Je ne sais pas ce que j’ai utilisé comme gouge ; peut-être l’embout d’un plumier sans tête, mais pas sûre, en tout cas ce devait être du métal. L’armoire était vraiment massive. Et noire. Et neuve. Neuve de cette époque là, je crois qu’on n’avait pas encore annoncé la mort de Pompidou au journal télévisé.
Un bois noir qui n’était pas plein. Le placage faisait des volutes, des arabesques, inquiétantes dans la lumière rasante de la petite lampe du soir. J’ai pris cet outil, cette gouge faite de je ne sais plus quoi – mais en le racontant, en l’écrivant, j’arrange, je colmate les blancs, je ne me souviens plus du tout du moment où j’ai pris cette pointe et où j’ai eu l’idée d’appuyer cette pointe contre la porte de l’armoire. Je me souviens bien en revanche du moment exact où je fais le geste mien, mon geste, suivi d’un autre geste, même pression mais différente direction, autre courbe, arrondi puissant – de la puissance que j’avais à cet âge –, et surtout je revois le copeau qui naissait, libéré du bois, comme animé de roues internes, et léger, dansant, légèrement entortillé.
Je ne saurais pas dire ce qu’il y avait dans cette armoire. Peut-être rien.

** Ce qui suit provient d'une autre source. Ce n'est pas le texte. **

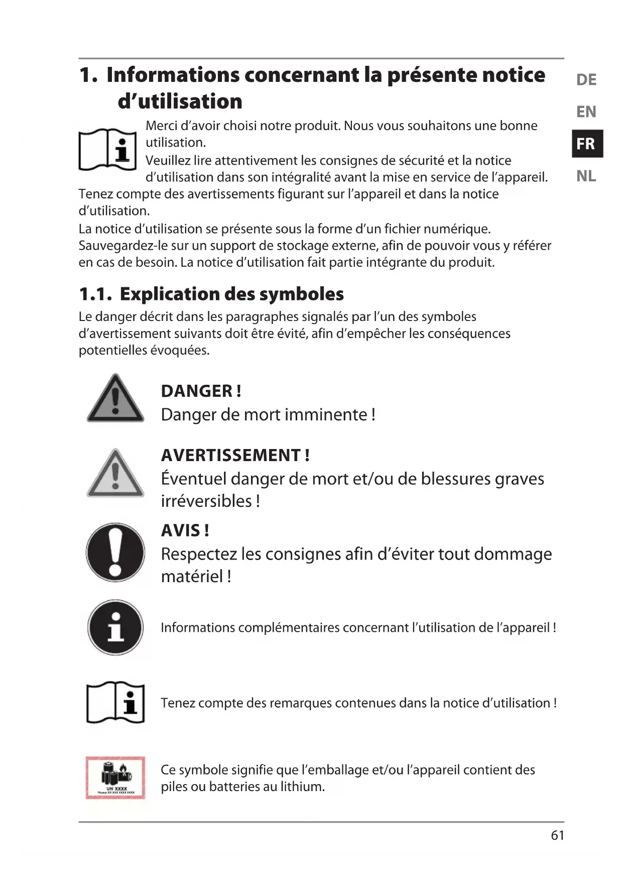 d’utilisation Merci d’avoir choisi notre produit. Nous vous souhaitons une bonne utilisation. Veuillez lire attentivement les consignes de sécurité et la notice d’utilisation dans son intégralité avant la mise en service de l’appareil. Tenez compte des avertissements figurant sur l’appareil et dans la notice d’utilisation. La notice d’utilisation se présente sous la forme d’un fichier numérique. Sauvegardez-le sur un support de stockage externe, afin de pouvoir vous y référer en cas de besoin. La notice d’utilisation fait partie intégrante du produit. 1.1. Explication des symboles Le danger décrit dans les paragraphes signalés par l’un des symboles d’avertissement suivants doit être évité, afin d’empêcher les conséquences potentielles évoquées. DANGER ! Danger de mort imminente ! AVERTISSEMENT ! Éventuel danger de mort et/ou de blessures graves irréversibles ! AVIS ! Respectez les consignes afin d’éviter tout dommage matériel ! Informations complémentaires concernant l’utilisation de l’appareil ! Tenez compte des remarques contenues dans la notice d’utilisation !

En tout cas rien qui soit resté, ni dans mes mains ni dans ma tête.
Je me souviens de cette armoire la nuit, de ses pouvoirs magiques : si je m’endormais en la regardant je rêvais de fourmis ; si je dormais en lui tournant le dos d’araignées ; et je ne savais pas entre les deux choisir le moins terrible.
Je ne crois pas que les copeaux jolis étaient une vengeance. Et je ne pense pas non plus avoir été grondée (il est possible que mes parents aient cru à une crise de somnambulisme).

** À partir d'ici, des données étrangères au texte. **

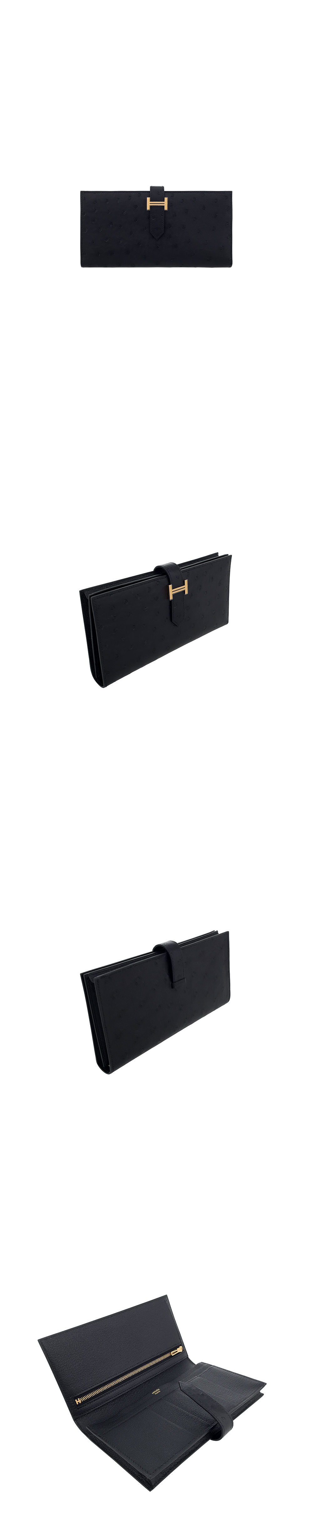 에르메스 오스트리치 베안장지갑 블랙 금장

L’arabesque couleur sable est restée, la nuit, le jour, et bien après la mort de John Lennon. Mes boites sont pleines, mes boites sont vides, mais elles sont décorées.
oh la jouissance du copeau qui se dégage… (j’aimerais que ce soit moi qui tienne la gouge même bizare)
De Pompidou à Lennon, un petit copeau de temps… Merci. JMG
J’adore les repères de temps Pompidou, Lennon, les repères dans l’espace fourmis ou araignées et aussi comment la remontée du souvenir, sa réinvention est mise en scène « je colmate ».
C’est très beau. Merci
Vraiment le tissage du passé au rêve forme quelque chose de tellement joli délicat – si simple et discret – trop bien
Merci beaucoup à toutes et tous de vos passages/réceptions, merci !
le sentiment d’être tout à fait dans cette réappropriation lacunaire du souvenir… l’incision et la disparition… les noms propres les dates et la mémoire du corps suspendus au rêve
J’y vois juste le le plaisir de poser sa marque, mais c’est probablement mes rêves enfantins de puissance et de destruction qui se glissent ici à la lecture.